Task brief: The response consists of the lines from the start of the material below through the line holding "Dusted with diamond-shaped", repeated word for word and without pictures.
(Supplied material begins)
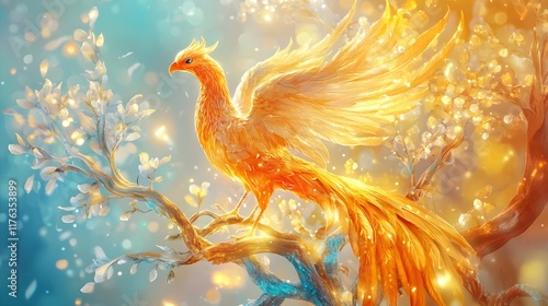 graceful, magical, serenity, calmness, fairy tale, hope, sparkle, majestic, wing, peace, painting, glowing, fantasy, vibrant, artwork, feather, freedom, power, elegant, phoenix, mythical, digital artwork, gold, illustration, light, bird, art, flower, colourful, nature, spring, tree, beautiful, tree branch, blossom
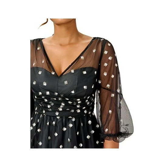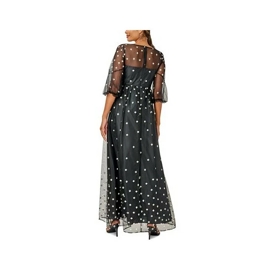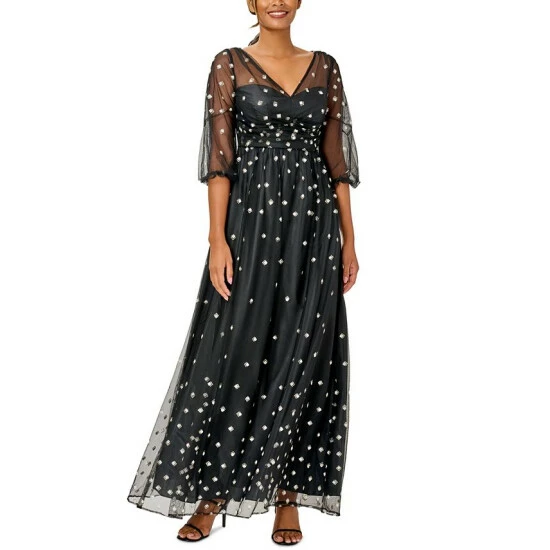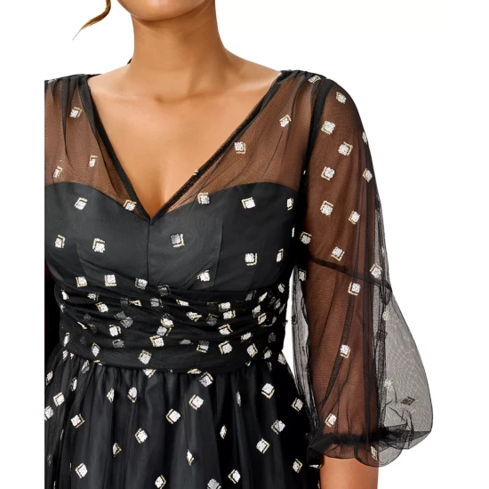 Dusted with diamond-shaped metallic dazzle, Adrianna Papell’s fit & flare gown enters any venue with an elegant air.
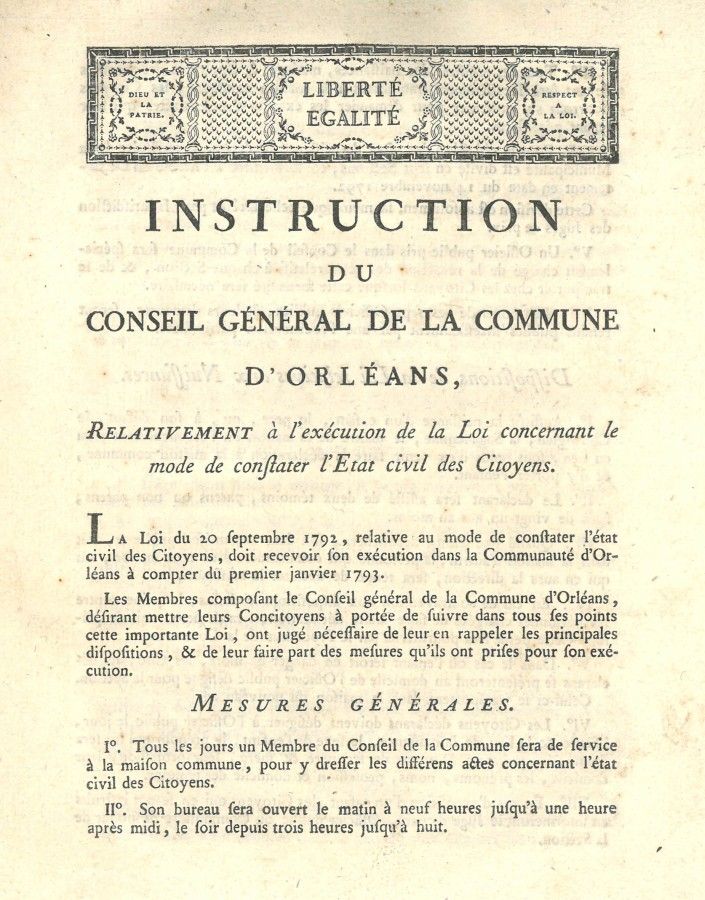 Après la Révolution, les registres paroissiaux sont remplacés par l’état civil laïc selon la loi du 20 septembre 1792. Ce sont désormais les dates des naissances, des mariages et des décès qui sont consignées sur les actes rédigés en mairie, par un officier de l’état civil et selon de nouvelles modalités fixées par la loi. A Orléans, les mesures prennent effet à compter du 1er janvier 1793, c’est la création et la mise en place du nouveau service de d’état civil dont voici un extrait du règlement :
(Supplied material ends)
Written reply:
 graceful, magical, serenity, calmness, fairy tale, hope, sparkle, majestic, wing, peace, painting, glowing, fantasy, vibrant, artwork, feather, freedom, power, elegant, phoenix, mythical, digital artwork, gold, illustration, light, bird, art, flower, colourful, nature, spring, tree, beautiful, tree branch, blossom
 Dusted with diamond-shaped metallic dazzle, Adrianna Papell’s fit & flare gown enters any venue with an elegant air.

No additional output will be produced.